The share of mandates outsourced by German corporate pension funds more than doubled in the past two years, from 30% of portfolio assets to over 70%, according to Greenwich Associates.
The US-based consultant said the data confirmed a trend towards greater diversification of assets, which in turn had created a need for more specialised managers.
However, the researchers warned that “the shift won’t benefit all managers”.
“To the contrary, demand for core fixed income managers is collapsing,” Greenwich Associates noted in its report. Since 2015, the share of institutions expecting to hire a fixed income manager over the following 12 months dropped from over 12% to below 3%.
The only fixed income sector in which investors expect to increase investments is emerging market debt.

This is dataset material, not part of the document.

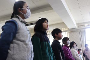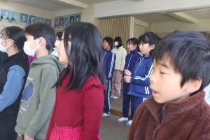 ・・・言いたいところですが、体調不良でお休みの子も増えてきました。今朝は、全校音楽で「マイバラード」を歌いました。この仲間で歌うのもあとわずかです。ありがとうの会では、みんなで歌えることを願っています。

At the same time, more investors plan to hire managers for alternatives and real estate allocations.
Greenwich also assessed the socially responsible investment (SRI) trends of the survey’s 240 respondents.
“As a population, Germans are right in step with other Europeans in terms of their commitment and even passion for environmental and social issues,” said Markus Ohlig, managing director at Greenwich Associates. “But at the moment, it seems there is some disconnect between those cultural attitudes and the governance of large institutions.”
In Germany, the share of institutional investors considering SRI as an important feature in their manager selection process was “among the lowest in Europe”, Greenwich reported.
While in the Netherlands 97% of investors thought it was important to include SRI in the criteria for manager selection, only 32% of German institutions agreed.
Only Switzerland had a lower share at 24%, while the UK and France each recorded 53%.
Greenwich interviewed 240 German institutional investors including retirement providers, banks, insurers, foundations and supranationals during the first quarter of 2018.